How to complete this task —
Exact copy, pictures excluded: please retype the lines from the start of the material through the line containing "Yerevan and its surroundings.", both ends included, and nothing more.

---------- Given data

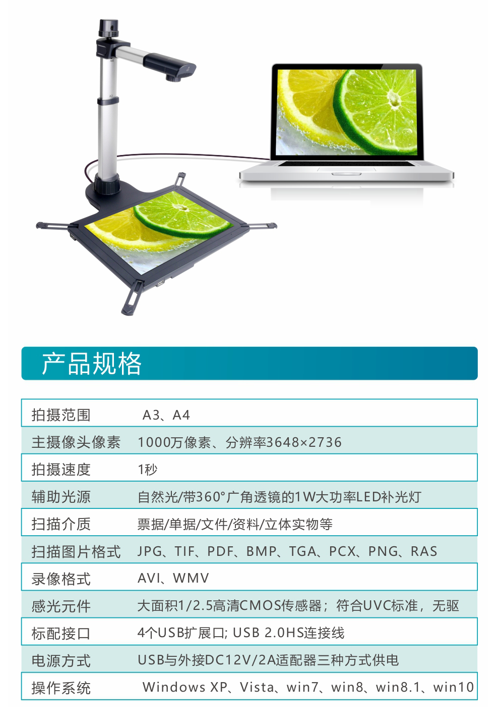 得力15165高拍仪(黑色)(单位:台)
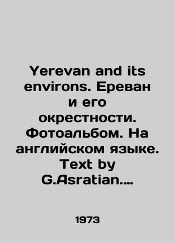Yerevan and its surroundings. Yerevan and its environs. Photo album. In English. Text by G.Asratian. Photos by R.Mazelev./Yerevan and its environs. Erevan i ego okrestnosti. Fotoalbom.Na angliyskom yazyke. Text by G.Asratian. Photographs by R.Mazelev. Leningrad Aurora 1973, 136 We have thousands of titles and often several copies of each title may be available. Please feel free to contact us for a detailed description of the copies available. SKUbd-477fb45a8f858edb.
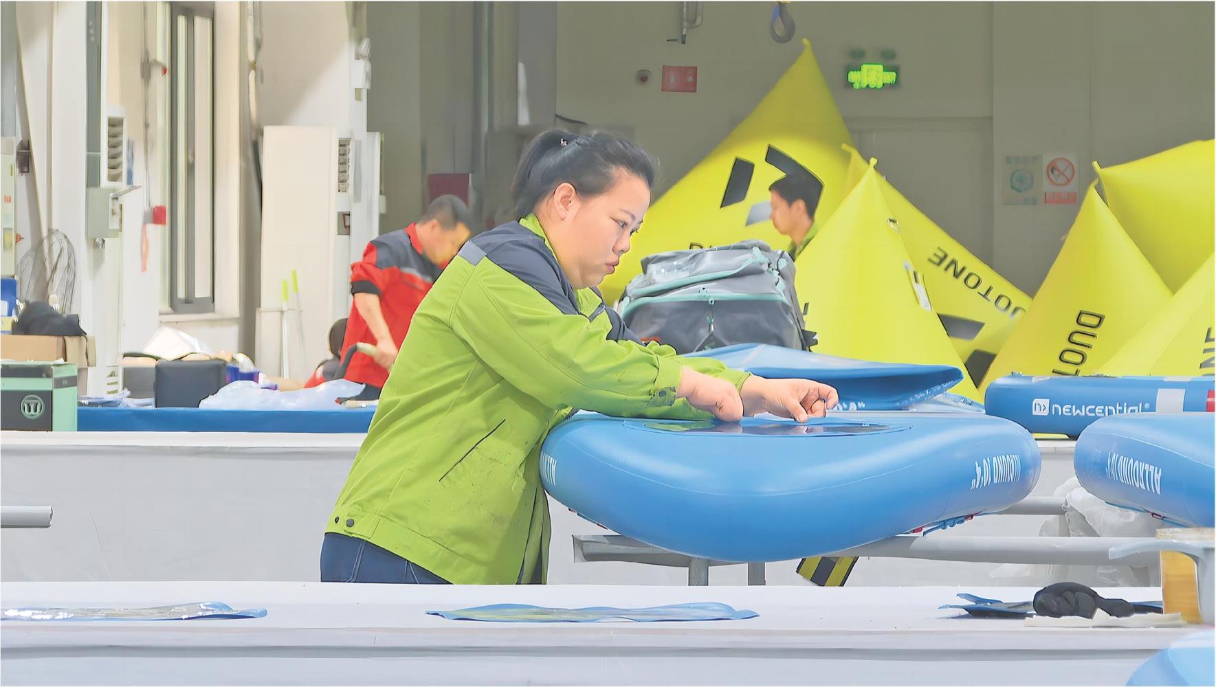 如今,热衷于户外运动的群体越来越多,桨板需求量快速增长。“国内的户外需求有明显增长,我们公司的订单也‘水涨船高’。2024年,我们将不断开发优质新产品,提高品牌整体竞争力,销售额争取要比去年增长30%以上。”山东创意集团有限公司总经理冯彬介绍。
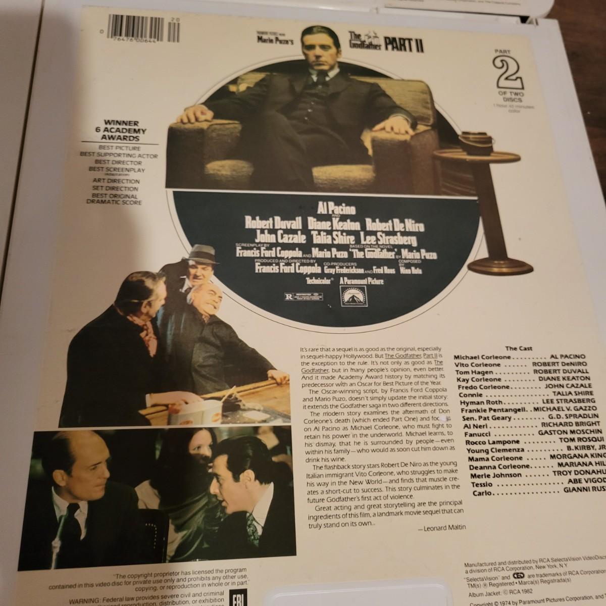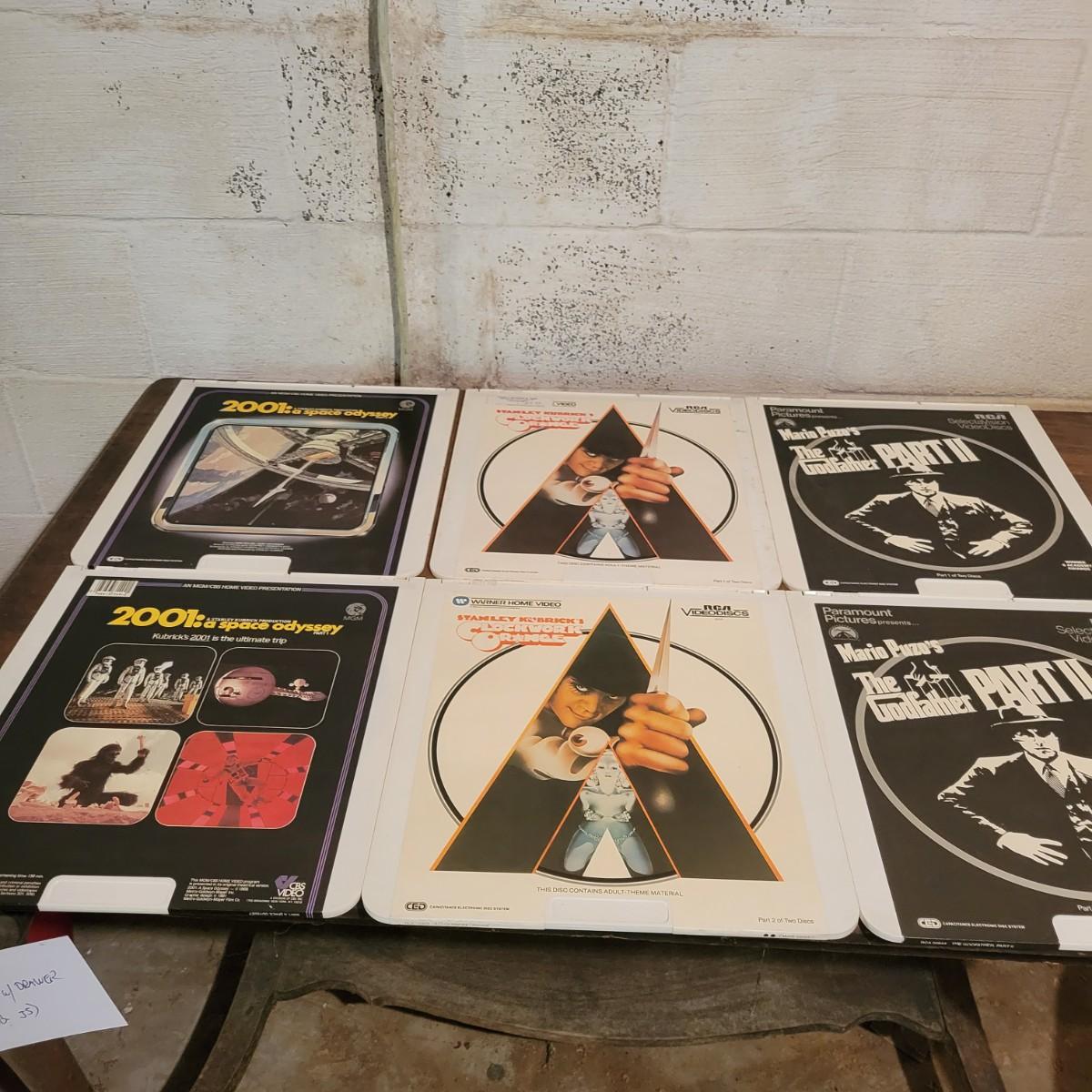 A collection of three classic movies on VideoDisk in good condition. This collection includes two discs for each movie and has superb artwork on their covers. Titles include 2001: A Space Odyssey, Clockwork Orange, and The Godfather. Shipping available

--------------------

Reply —
 得力15165高拍仪(黑色)(单位:台)
Yerevan and its surroundings. Yerevan and its environs. Photo album. In English. Text by G.Asratian. Photos by R.Mazelev./Yerevan and its environs. Erevan i ego okrestnosti. Fotoalbom.Na angliyskom yazyke. Text by G.Asratian. Photographs by R.Mazelev. Leningrad Aurora 1973, 136 We have thousands of titles and often several copies of each title may be available. Please feel free to contact us for a detailed description of the copies available. SKUbd-477fb45a8f858edb.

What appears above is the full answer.